Non-linear dimension reduction (1/2)

Find some low-dimensional layout of points which approximates the distance between points in high-dimensions, with the purpose being to have a useful representation that reveals high-dimensional patterns, like clusters.

Multidimensional scaling (MDS) is the original approach:

\[ \mbox{Stress}_D(x_1, ..., x_n) = \left(\sum_{i, j=1; i\neq j}^n (d_{ij} - d_k(i,j))^2\right)^{1/2} \] where \(D\) is an \(n\times n\) matrix of distances \((d_{ij})\) between all pairs of points, and \(d_k(i,j)\) is the distance between the points in the low-dimensional space.

PCA is a special case of MDS. The result from PCA is a linear projection, but generally MDS can provide some non-linear transformation.

Many variations being developed:

t-stochastic neighbourhood embedding (t-SNE): compares interpoint distances with a standard probability distribution (eg \(t\)-distribution) to exaggerate local neighbourhood differences.
uniform manifold approximation and projection (UMAP): compares the interpoint distances with what might be expected if the data was uniformly distributed in the high-dimensions.
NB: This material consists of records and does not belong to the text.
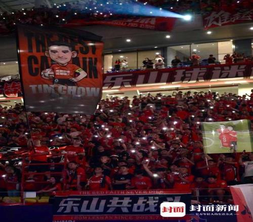每次主场比赛后的谢场环节,周定洋总是那个挥舞“雄起”大旗的人。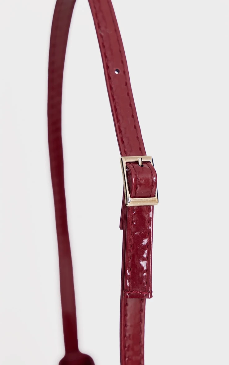 Level up any look with this PrettyLittleThing Burgundy Patent PU Buckle Baguette Shoulder Bag. Crafted from a high-shine burgundy patent PU material, this bag features a signature buckle detail and a sleek baguette silhouette that captures the iconic 90s revival aesthetic. Whether you’re heading to brunch or a night out, this shoulder bag is the perfect finishing touch to your outfit of the day.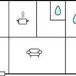 Hay una cocina completa con una nevera, así como instalaciones para comer en la habitación, como servicio de tetera/cafetera.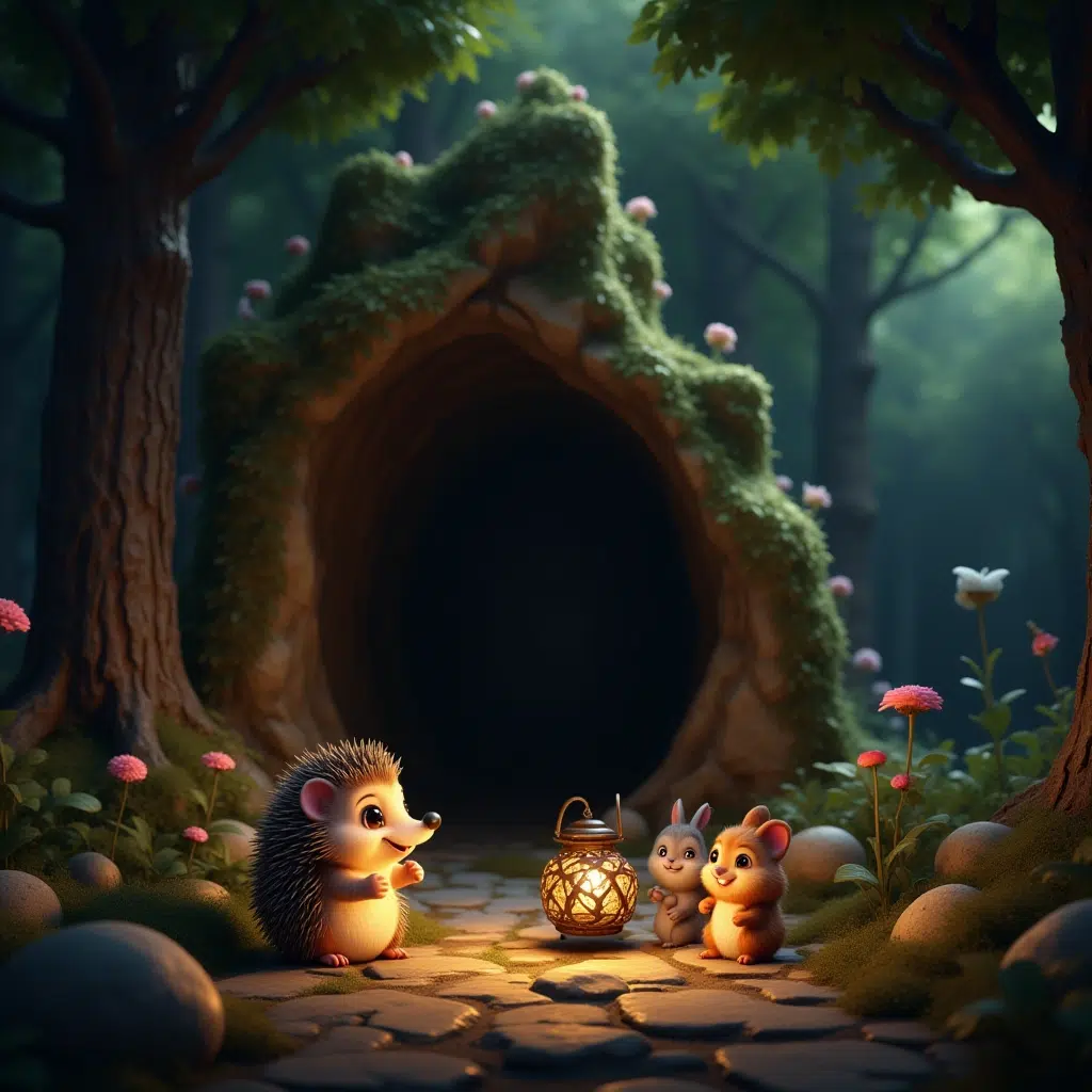 Mali ježić po imenu Piko šetao je šumom sa svojim prijateljima – zekom Lunom i vevericom Tinom. Dok su trčkarali, naišli su na veliku, tamnu pećinu koja je delovala kao da skriva tajne.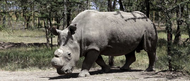 Sudan, 36, a male Northern White Rhinoceros that was shipped to Kenya from the Czech Republic grazes at the Ol Pejeta Conservancy near Nanyuki town, 350 km (217 miles) north of the capital Nairobi January 19, 2010. Four rare, northern white rhinos, half the known population left in the world, were transported to Kenya from the Dvur Kralove zoo in northern Czech Republic in a last-ditch bid to save the species from extinction. White rhinos are the largest land mammals after elephants and typically live in herds of up to 14 animals. The numbers of the northern subspecies have plummeted from an estimated 500 in the 1970s due mainly to poachers. REUTERS/Noor Khamis (KENYA – Tags: ANIMALS SOCIETY)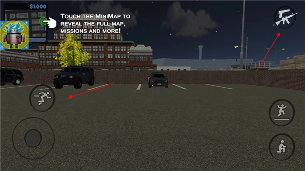 2、玩家能够自由操控角色进行奔跑与跳跃,游戏界面的右上角可挑选游戏武器;
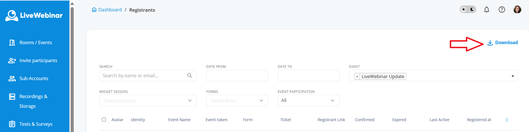 You’ll see a list of registrants, but note that this view shows only basic information (not all the fields from your registration form). To view and download all collected data, click Download to export the XLSX file.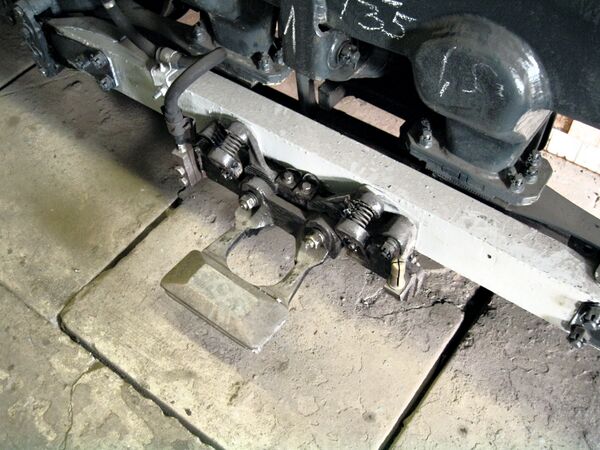 Всего же башмак токоприёмника имеет три положения: крайнее верхнее, рабочее горизонтальное (при работе на линии) и крайнее нижнее, необходимое для осуществления разрыва цепи между контактным рельсом и башмаком токоприёмника. Для фиксации башмака в отжатом положении используется специальный штифт, который вставляется в левый кронштейн токоприёмника.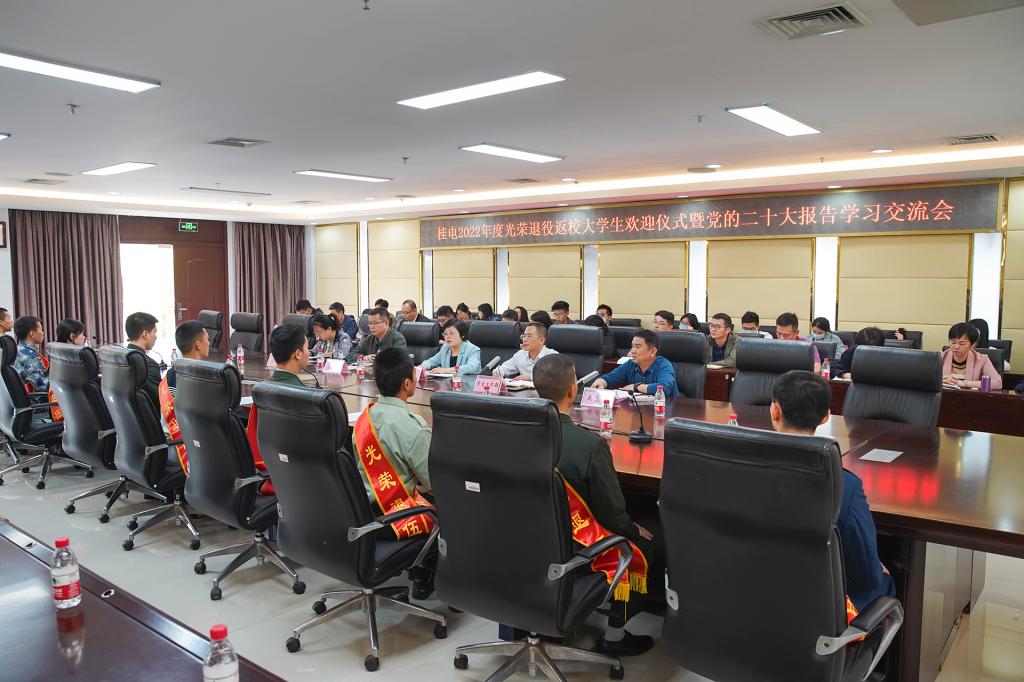 会上,校党委武装部副部长朱小精介绍了退役复学大学生的基本情况。退役复学大学生代表苏泓亦分享了参军入伍体会,表示在今后的工作学习中,会以饱满的军人姿态要求自己,把在部队学到的优秀品质带到日常学习生活与工作中,树立远大志向,秉承桂电精神,锤炼品德,勇于创新,不断提高自身的全面发展,为自己再立新功、为桂电争得更多的荣誉。随后,退役返校大学生结合自身的经历,畅谈交流了学习党的二十大报告心得体会。大家纷纷表示,将坚定信念永远跟党走,不辜负部队的培养,不辜负学校的期望,继承和发扬军队优良传统,以更加勇敢、坚毅的精神状态和实际行动面对学习和生活中的挑战,为学校的发展贡献出自己的一份力量,在实现中华民族伟大复兴的生动实践中放飞青春梦想、书写人生华章。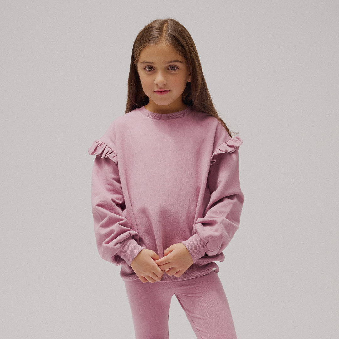 This cozy fleece crewneck is available in this season’s best colors, including this smoky purple piece. There’s matching leggings to complete the look and the puffy sleeves with ruffle detailing adds a little personality to the simple fit.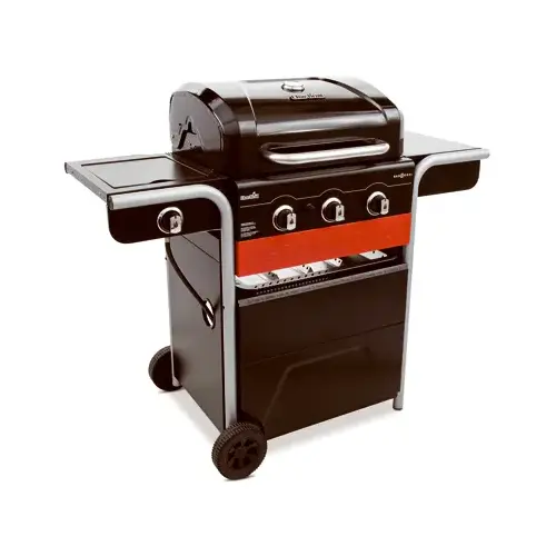 Char-Broil, Gas 2 Coal, Hybrid Grill, Main Burner 40,000 BTU, Side Burner 12,000 BTU, Total 52,000 BTU, Cook With Gas Or Charcoal, 3 Stainless Steel Burner With A 12,000 BTU Flush Lidded Side Burner, 420 SQIN Primary Cooking Space, Porcelain Coated Cast Iron Grates & 130 SQIN Porcelain Chrome Wire Swing A Way Warming Rack, Porcelain Coated Steel Lid & Fire Box, Two 7" Wheels Offer Easy Mobility, Electric Ignition System For Fast Reliable Start Ups For Gas & Charcoal, Lid Mounted Temperature Gauge, Charcoal Tray Storage Area, Assembled Dimension: 52.5"W x 24.6" x 47.5".

NLDR can be useful but it can also make some misleading representations.

Non-linear dimension reduction (2/2)

UMAP 2D representation

Tour animation of the same data

Grand tour showing the 4D penguins data. Two clusters are easily seen, and a third is plausible.

Your turn

Which is the best representation, t-SNE or UMAP, of this 9D data?

You can use this code to read the data and view in a tour:

pbmc <- readRDS("data/pbmc_pca_50.rds")
animate_xy(pbmc[,1:9])

05:00

Clustering

Method 1: Spin-and-brush

library(detourr)
set.seed(645)
detour(p_tidy_std[,2:5], 
       tour_aes(projection = bl:bm)) |>
       tour_path(grand_tour(2), fps = 60, 
                 max_bases=40) |>
       show_scatter(alpha = 0.7, 
                    axes = FALSE)

DEMO

What are clusters?

Ideal thinking of neatly separated clusters, but it is rarely encountered in data

Objective is to organize the cases into groups that are similar in some way. You need a measure of similarity (or distance).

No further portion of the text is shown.